4.2 Copying Data (Including from Multiple Sources)

In the Data section of the Oracle Big Data Manager console, you can create, schedule, and run job that includes multiple sources. You can also copy via HTTP(S).

  1. Click the Data tab on the top of the page, and then click the Explorer tab on the left side of the page.
  2. In either panel of the Data Explorer page,, select a target location as the destination for the copy job.
  3. On the toolbar for that panel, click Copy here from HTTP(S) Copy here from HTTP(S).
  4. In the New copy data job dialog box, enter information in the Sources row, as follows::
    1. From the first drop-down list, select Direct link to copy a single file or select Link to list of files to copy multiple files that are listed in a manifest file containing the list in comma-separated values (CSV) format.
    2. From the second drop-down list, select the data source from which you are copying. This list shows the data providers registered with Oracle Big Data Manager.
    3. The last control in the Sources row depends on the type of data source selected in the second drop-down list. For HTTP(S), enter the URL of the source in the Enter a valid HTTP(S) text box. For other types of data sources, click the Select file button to navigate to and select a file.
  5. If you want to copy from multiple sources in the same copy job, click the Add source button and repeat the tasks in the previous step.
  6. If you want to change the destination for the copy job, click in the Destination field and edit the current location.
  7. In the tabs of the New copy data job dialog box, enter the following values.
    General tab
    • Job name: A name is provided for the job, but you can append to it or replace it with a different name.
    • Job type: This read-only field describes the type of job. In this case, it’s Data transfer — import from HTTP.
    • Run immediately: Select this option to run the job immediately and only once.
    • Repeated execution: Select this option to schedule the time and frequency of repeated executions of the job.
    Advanced tab
    • Number of executors: Select the number of executors from the drop-down list. The default number is 3. If you have more then three nodes you can increase execution speed by specifying a higher number of executors. If you want to execute this job in parallel with other Spark or MapReduce jobs, decrease the number of executors to increase performance.
    • Number of CPU cores per executor: Select the number of cores from the drop-down list. The default number is 5. If you want to execute this job in parallel with other Spark or MapReduce jobs, decrease the number of cores to increase performance.
    • Memory allocated for each execution: Select the amount of memory from the drop-down list. The default value is 40 GB. If you want to execute this job in parallel with other Spark or MapReduce jobs, decrease the memory to increase performance.
    • Memory allocated for driver: Select the memory limit from the drop-down list.
    • Custom logging level: Select this option to log the job’s activity and to select the logging level.
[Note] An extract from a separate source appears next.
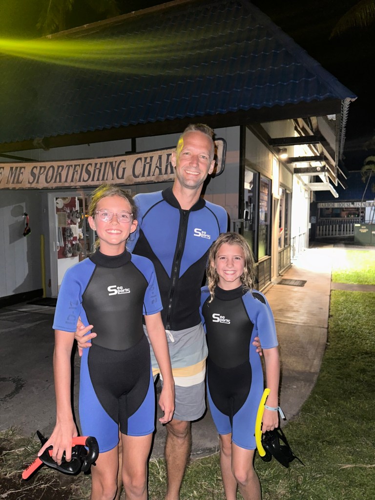 Enjoyed the hotel pools and a snorkel trip off the west coast of the island. Highlights included seeing dolphins, finding and holding an octopus, pincushion starfish, sea urchin and sea cucumber and swimming with a sea turtle. Aaron and the girls did a night excursion to swim with manta rays – water was chilly but the rays swimming belly up against them was pretty incredible!

    • HTTP proxy: If this data transfer type is HTTP(S) and if you have HTTP(S) header information stored in a file, you can use that header information in the HTTP(S) request header. From the HTTP headers file drop-down list, select the storage that contains the file. If it’s via HTTP(S), enter the URI for the file in the Enter a valid HTTP(S) URI field. If it’s a different kind of provider, click the Select File button and navigate to and choose the file.
  8. Click Create.
    The Data compare job job_number created dialog box shows minimal status information about the job. Click the View more details link to show more details about the job in the Jobs section of console.
  9. Review the job results. In particular, in the Jobs section of the console, click the Comparison results tab on the left side of the page to display what’s the same and what’s different about the compared items.